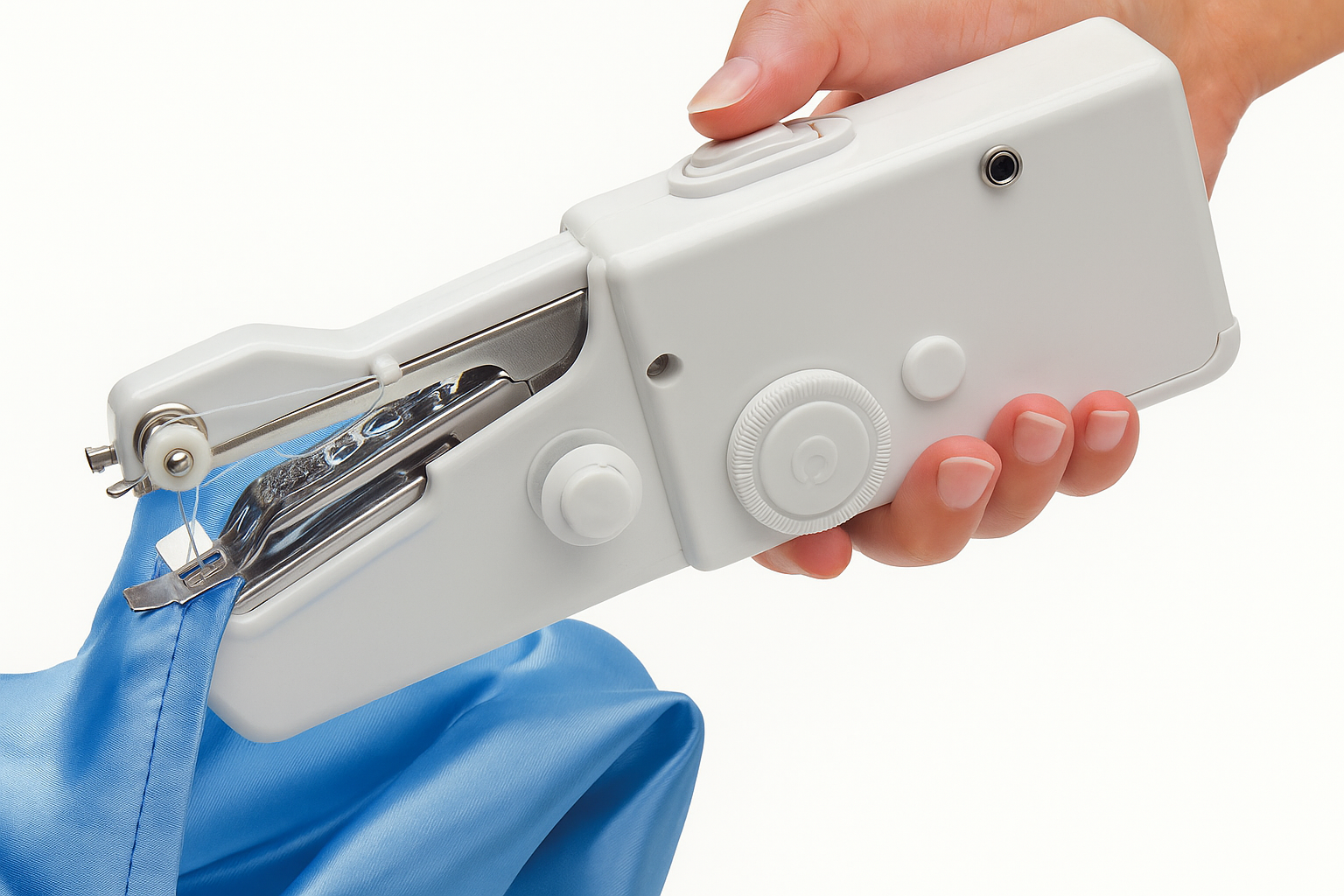 Funciona como una máquina de coser tradicional, pero en versión compacta. Solo debes colocar el hilo, pasar la tela y presionar el botón. ¡Así de fácil! Ideal para dobladillos, botones, cortinas, cojines y más.
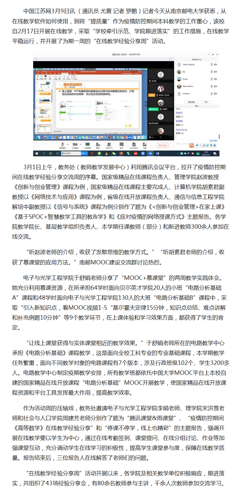 | 【中国江苏网】南邮开展在线教学“提质”经验分享活动 |
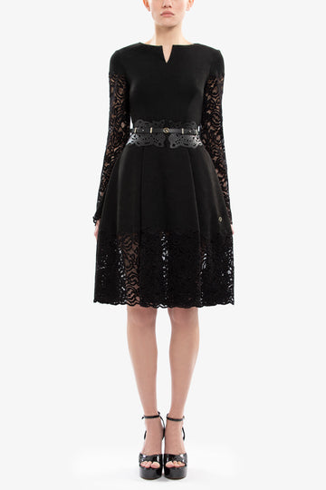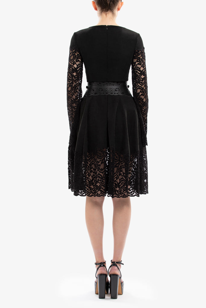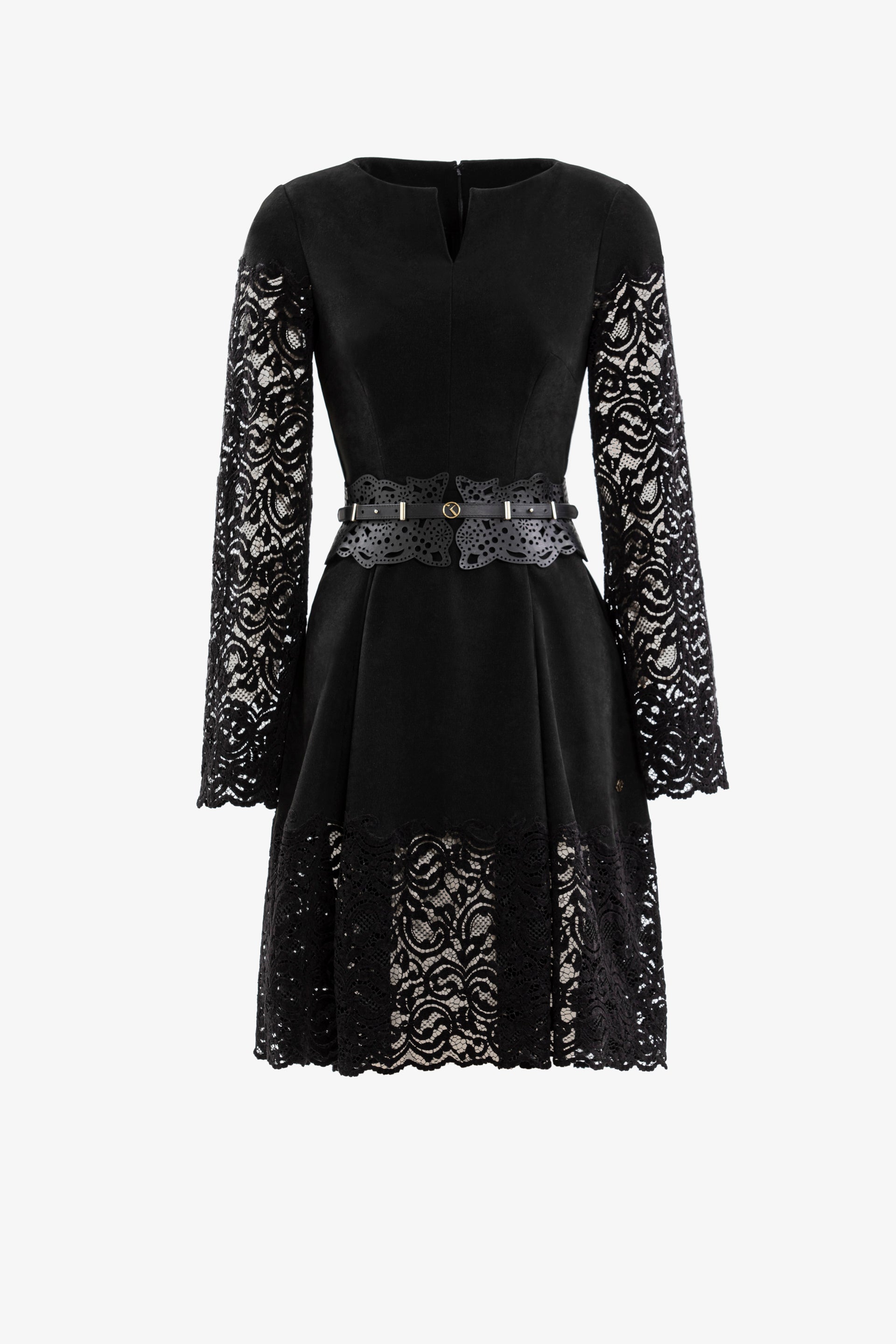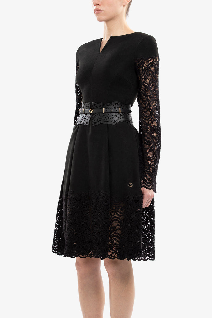فستان قصير من الدانتيل الأسود النفاث مع تفاصيل دانتيل رقيقة على الأكمام وحافة التنورة، مع حزام SK من الجلد المثقوب 100%.
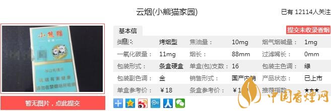 云煙小熊貓家園煙支長88mm,小熊貓家園的卷接裝材料科技感十足。研發者們采用了先進的接裝紙涂布技術,獨具匠心地在濾棒接裝紙上添加了氨基酸,經過處理之后的濾棒接裝紙能讓小熊貓家園的煙支散發出更柔和的煙氣。下面我們一起來看云煙小熊貓家園的參數信息:焦油量:10mg 煙堿量:1.0mg 一氧化碳量:11mg
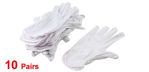 uxcell 手袋 ノンスリップ手袋 フル指 ストリップ ミニドット ホワイト 10ペア入

What the exercise asks>
Would you print all of the material exactly as written, minus the pictures?

Written response>
 Funciona como una máquina de coser tradicional, pero en versión compacta. Solo debes colocar el hilo, pasar la tela y presionar el botón. ¡Así de fácil! Ideal para dobladillos, botones, cortinas, cojines y más.
 | 【中国江苏网】南邮开展在线教学“提质”经验分享活动 |
فستان قصير من الدانتيل الأسود النفاث مع تفاصيل دانتيل رقيقة على الأكمام وحافة التنورة، مع حزام SK من الجلد المثقوب 100%.
 云煙小熊貓家園煙支長88mm,小熊貓家園的卷接裝材料科技感十足。研發者們采用了先進的接裝紙涂布技術,獨具匠心地在濾棒接裝紙上添加了氨基酸,經過處理之后的濾棒接裝紙能讓小熊貓家園的煙支散發出更柔和的煙氣。下面我們一起來看云煙小熊貓家園的參數信息:焦油量:10mg 煙堿量:1.0mg 一氧化碳量:11mg
 uxcell 手袋 ノンスリップ手袋 フル指 ストリップ ミニドット ホワイト 10ペア入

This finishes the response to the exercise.